◆ **TASK GOAL**:
An exact copy of the lines from the start of the material below through the line containing "2023年,財政收入保持恢復" is the required answer, and it includes no pictures.
*** Opening of SUPPLIED ENTRIES ***
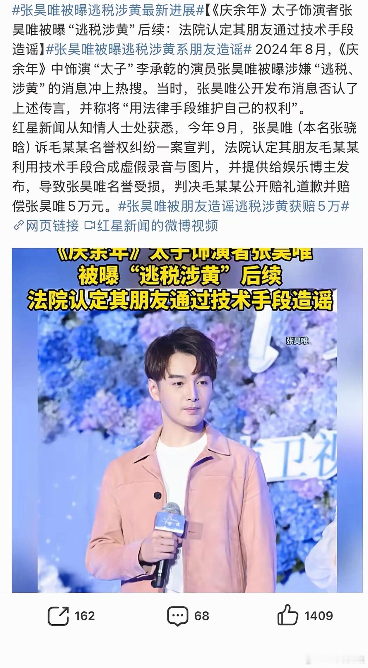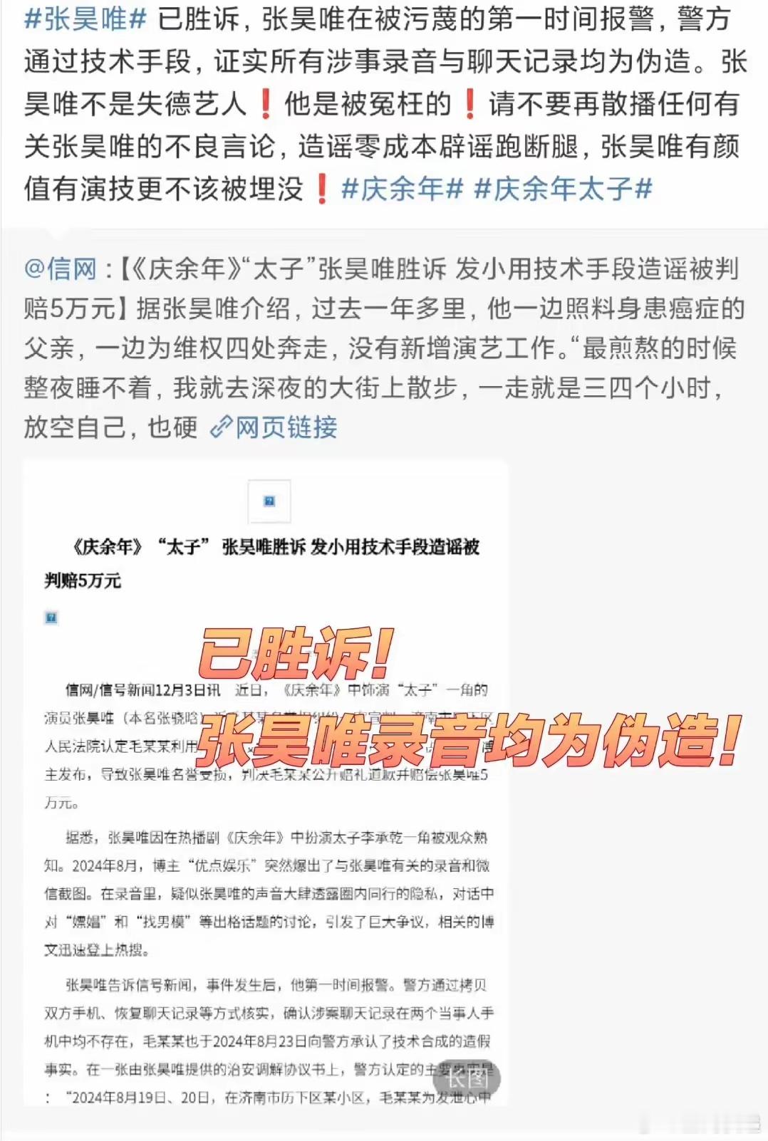 张昊唯此身分明了张昊唯这波真的被所谓“朋友”坑到家了!毛某某为了经济纠纷,居然用AI合成假录音假图片,还主动递料给营销号扩散,直接毁了人家事业。一审就赔5万+公开道歉?这造谣成本也太低了吧!还好名誉权案胜诉自证清白,庆余年3总算不用换人了,但他丢的那些工作谁来补啊?真的要警惕身边人,嫉妒心才是最可怕的刀张昊 张昊唯此身分明了
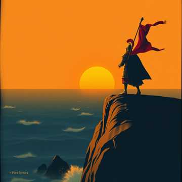 Huge war drums and low male chants, distorted lyre and lute riffs; verses stay tense and close, almost whispered over gritty percussion, then chorus explodes with gang vocals, hammered dulcimer, and roaring ambience like a battle on a cliff edge, Final chorus adds octave-doubled male vocals and echoing shouts, trailing into desert wind FX
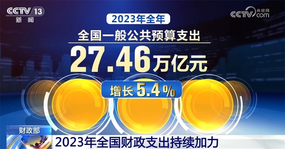 2023年,財政收入保持恢復性增長態(tài)勢,財政支出持續(xù)加力。具體來看,去年年初,財政赤字率按3%安排。同時,為支持災后恢復重建和提升防災減災救災能力,去年四季度增發(fā)1萬億元國債,全部通過轉移支付安排給地方。2023年全年,全國一般公共預算支出27.46萬億元,增長5.4%。社會保障和就業(yè)、教育、科學技術、農林水、城鄉(xiāng)社區(qū)等重點支出領域保障有力。
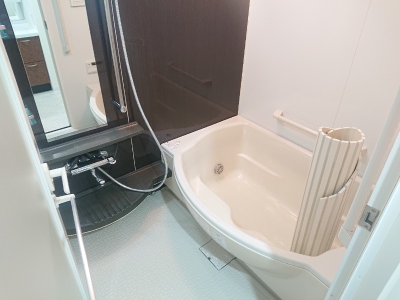 分譲賃貸、システムキッチン、給湯、追焚機能、シャワー付洗面化粧台、ウォークインクローゼット、宅配ボックス、駐輪場あり、バイク置き場あり、床暖房、温水洗浄便座、カウンターキッチン、浴室乾燥機、キッズルーム、洗面所独立、防犯カメラ、クローゼット、シューズボックス、水道(公営)、ガス(都市)、排水(下水)、バス専用、バス・トイレ別、シャワー、ガスコンロ、コンロ(三口)、室内洗濯機置き場、オートロック、エレベータ有、バルコニー、フローリング、TVドアホン
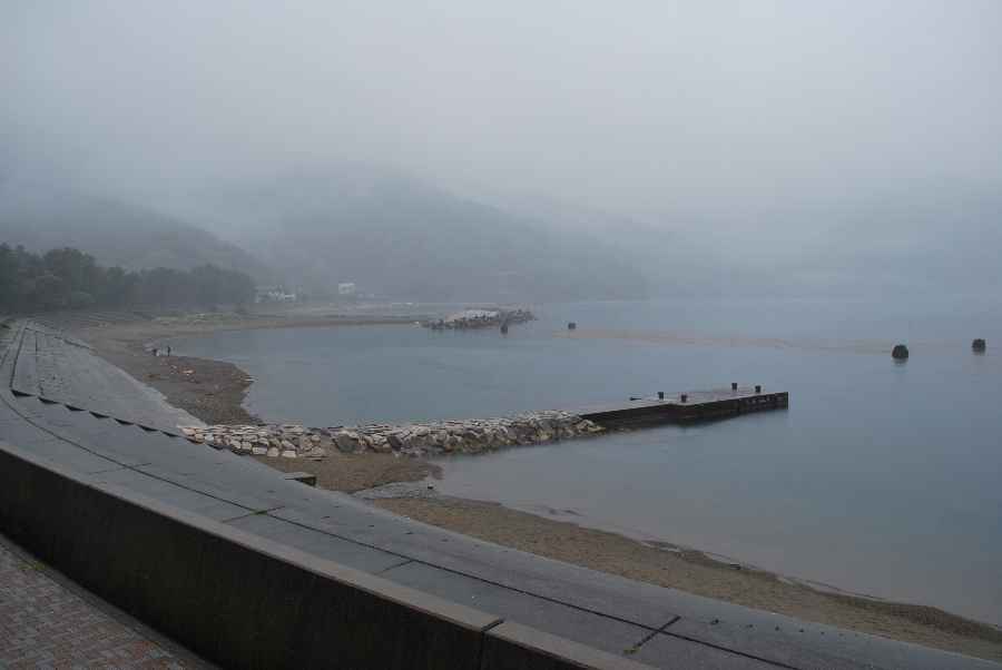 海水の透明度は低く、薄く濁っていますが、ほんの少し海底の岩が見えます。
*** Close of SUPPLIED ENTRIES ***
◆ **EXPECTED ANSWER**:
 张昊唯此身分明了张昊唯这波真的被所谓“朋友”坑到家了!毛某某为了经济纠纷,居然用AI合成假录音假图片,还主动递料给营销号扩散,直接毁了人家事业。一审就赔5万+公开道歉?这造谣成本也太低了吧!还好名誉权案胜诉自证清白,庆余年3总算不用换人了,但他丢的那些工作谁来补啊?真的要警惕身边人,嫉妒心才是最可怕的刀张昊 张昊唯此身分明了
 Huge war drums and low male chants, distorted lyre and lute riffs; verses stay tense and close, almost whispered over gritty percussion, then chorus explodes with gang vocals, hammered dulcimer, and roaring ambience like a battle on a cliff edge, Final chorus adds octave-doubled male vocals and echoing shouts, trailing into desert wind FX
 2023年,財政收入保持恢復性增長態(tài)勢,財政支出持續(xù)加力。具體來看,去年年初,財政赤字率按3%安排。同時,為支持災后恢復重建和提升防災減災救災能力,去年四季度增發(fā)1萬億元國債,全部通過轉移支付安排給地方。2023年全年,全國一般公共預算支出27.46萬億元,增長5.4%。社會保障和就業(yè)、教育、科學技術、農林水、城鄉(xiāng)社區(qū)等重點支出領域保障有力。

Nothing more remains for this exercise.